THE TASK:
A line below contains "Overdekte entree. Hal", and a later one contains "Fig. 4는 FGM의". Repeat both, with every line between them, exactly.

ENTRIES SUPPLIED:
:::

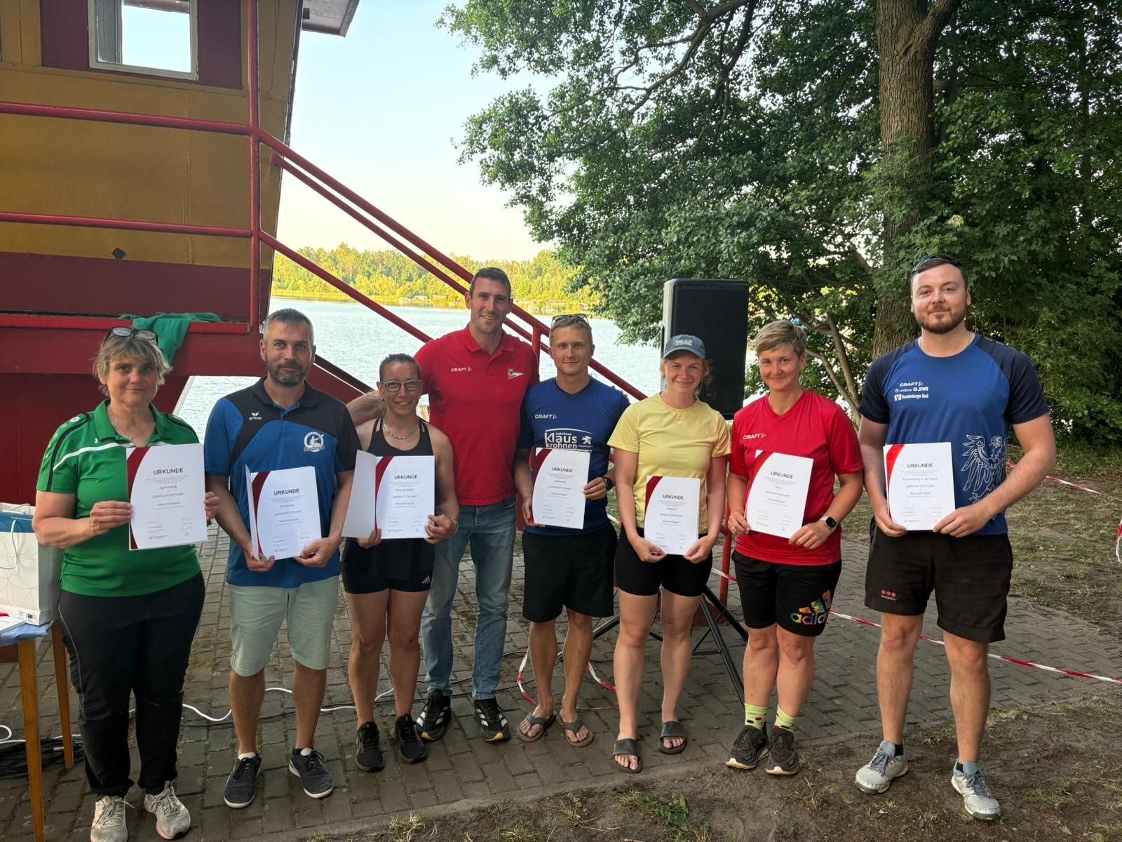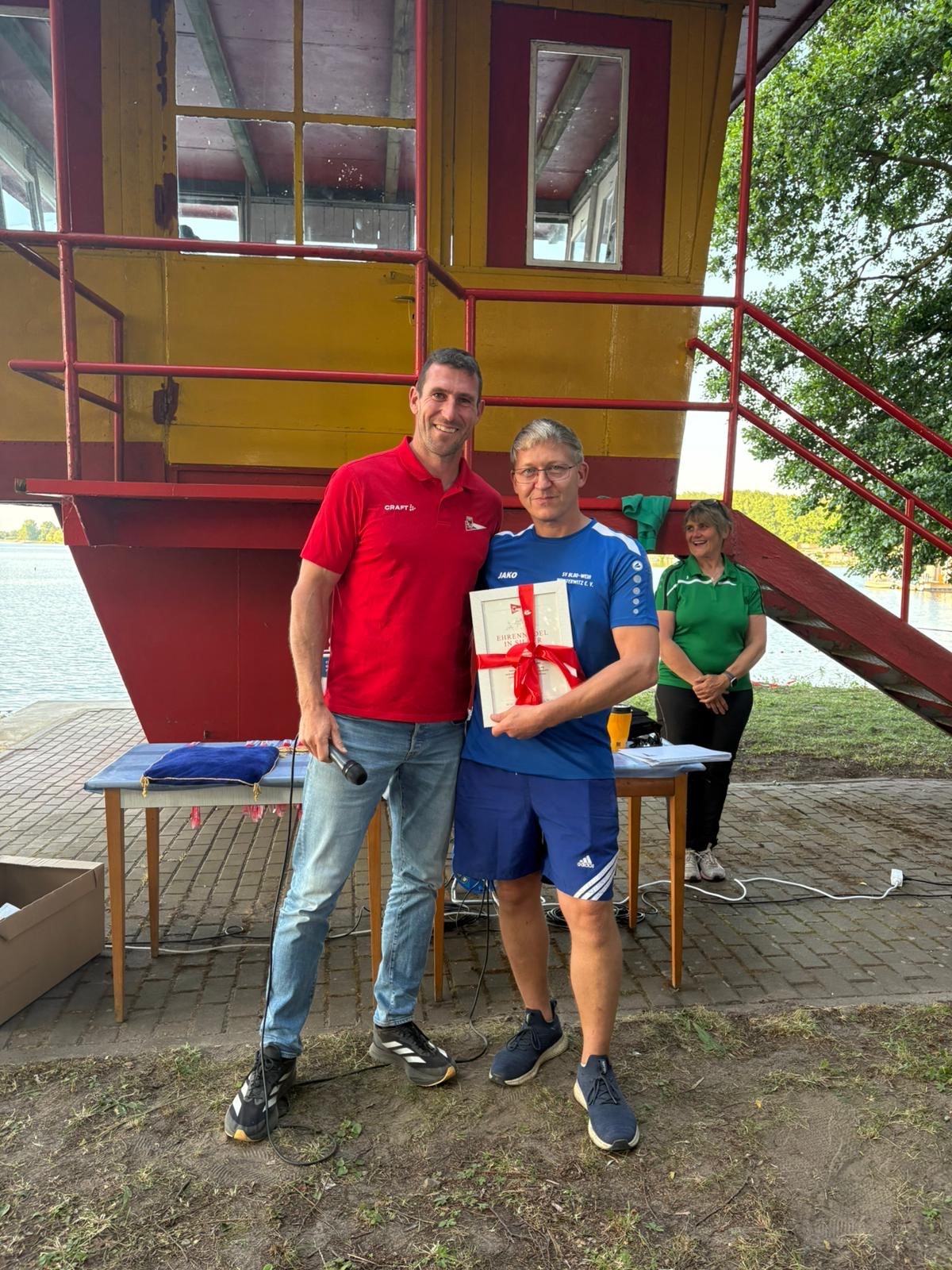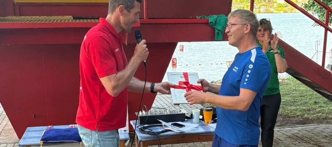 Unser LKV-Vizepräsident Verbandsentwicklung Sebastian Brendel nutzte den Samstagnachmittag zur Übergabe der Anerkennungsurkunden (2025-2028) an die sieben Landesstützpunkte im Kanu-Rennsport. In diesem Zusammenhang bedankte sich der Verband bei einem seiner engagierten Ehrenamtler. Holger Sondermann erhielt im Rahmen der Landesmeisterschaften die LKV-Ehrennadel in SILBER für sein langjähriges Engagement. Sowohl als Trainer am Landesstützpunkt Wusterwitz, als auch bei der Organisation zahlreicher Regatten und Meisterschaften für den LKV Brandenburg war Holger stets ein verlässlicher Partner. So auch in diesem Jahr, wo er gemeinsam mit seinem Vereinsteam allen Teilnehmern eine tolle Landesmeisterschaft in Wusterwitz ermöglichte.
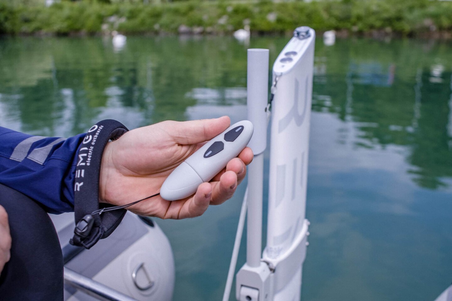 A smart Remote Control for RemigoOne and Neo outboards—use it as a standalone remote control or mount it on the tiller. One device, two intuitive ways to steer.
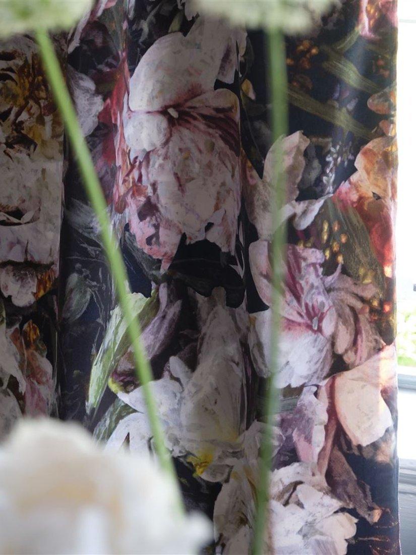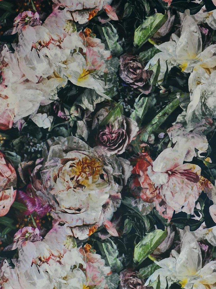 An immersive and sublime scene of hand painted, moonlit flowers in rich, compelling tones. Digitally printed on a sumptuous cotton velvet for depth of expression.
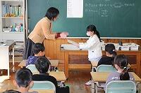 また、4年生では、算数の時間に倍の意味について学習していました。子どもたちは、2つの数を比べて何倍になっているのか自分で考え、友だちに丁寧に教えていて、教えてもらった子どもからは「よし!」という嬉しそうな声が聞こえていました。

:::

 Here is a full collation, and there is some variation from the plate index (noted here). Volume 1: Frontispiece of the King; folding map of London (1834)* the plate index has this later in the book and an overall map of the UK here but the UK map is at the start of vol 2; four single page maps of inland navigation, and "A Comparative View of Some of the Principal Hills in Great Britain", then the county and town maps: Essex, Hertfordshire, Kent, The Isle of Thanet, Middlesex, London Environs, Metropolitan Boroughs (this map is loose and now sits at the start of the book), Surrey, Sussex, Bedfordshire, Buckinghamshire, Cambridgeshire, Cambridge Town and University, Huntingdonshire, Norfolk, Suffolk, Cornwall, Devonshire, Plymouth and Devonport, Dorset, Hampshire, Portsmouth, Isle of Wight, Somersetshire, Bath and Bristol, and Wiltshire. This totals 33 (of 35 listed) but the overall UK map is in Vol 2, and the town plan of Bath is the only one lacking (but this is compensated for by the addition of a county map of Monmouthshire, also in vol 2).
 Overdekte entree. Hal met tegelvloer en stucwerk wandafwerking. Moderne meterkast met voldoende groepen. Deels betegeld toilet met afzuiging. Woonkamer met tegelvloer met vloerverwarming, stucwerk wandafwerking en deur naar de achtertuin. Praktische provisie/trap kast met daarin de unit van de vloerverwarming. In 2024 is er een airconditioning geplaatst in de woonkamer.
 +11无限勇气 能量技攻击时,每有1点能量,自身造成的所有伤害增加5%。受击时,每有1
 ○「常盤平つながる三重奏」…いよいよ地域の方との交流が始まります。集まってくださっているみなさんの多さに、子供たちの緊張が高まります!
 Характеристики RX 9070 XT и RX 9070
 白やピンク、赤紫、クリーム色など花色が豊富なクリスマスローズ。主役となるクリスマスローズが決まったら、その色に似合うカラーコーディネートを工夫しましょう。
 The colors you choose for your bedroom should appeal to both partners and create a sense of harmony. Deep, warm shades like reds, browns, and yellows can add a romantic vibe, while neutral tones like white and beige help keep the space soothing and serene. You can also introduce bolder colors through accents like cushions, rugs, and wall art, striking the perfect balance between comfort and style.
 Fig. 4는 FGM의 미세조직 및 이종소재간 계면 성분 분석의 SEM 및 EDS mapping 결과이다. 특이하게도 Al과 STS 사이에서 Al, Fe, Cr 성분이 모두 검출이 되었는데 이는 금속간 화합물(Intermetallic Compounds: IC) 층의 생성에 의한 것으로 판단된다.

:::

EXERCISE OUTPUT:
 Overdekte entree. Hal met tegelvloer en stucwerk wandafwerking. Moderne meterkast met voldoende groepen. Deels betegeld toilet met afzuiging. Woonkamer met tegelvloer met vloerverwarming, stucwerk wandafwerking en deur naar de achtertuin. Praktische provisie/trap kast met daarin de unit van de vloerverwarming. In 2024 is er een airconditioning geplaatst in de woonkamer.
 +11无限勇气 能量技攻击时,每有1点能量,自身造成的所有伤害增加5%。受击时,每有1
 ○「常盤平つながる三重奏」…いよいよ地域の方との交流が始まります。集まってくださっているみなさんの多さに、子供たちの緊張が高まります!
 Характеристики RX 9070 XT и RX 9070
 白やピンク、赤紫、クリーム色など花色が豊富なクリスマスローズ。主役となるクリスマスローズが決まったら、その色に似合うカラーコーディネートを工夫しましょう。
 The colors you choose for your bedroom should appeal to both partners and create a sense of harmony. Deep, warm shades like reds, browns, and yellows can add a romantic vibe, while neutral tones like white and beige help keep the space soothing and serene. You can also introduce bolder colors through accents like cushions, rugs, and wall art, striking the perfect balance between comfort and style.
 Fig. 4는 FGM의 미세조직 및 이종소재간 계면 성분 분석의 SEM 및 EDS mapping 결과이다. 특이하게도 Al과 STS 사이에서 Al, Fe, Cr 성분이 모두 검출이 되었는데 이는 금속간 화합물(Intermetallic Compounds: IC) 층의 생성에 의한 것으로 판단된다.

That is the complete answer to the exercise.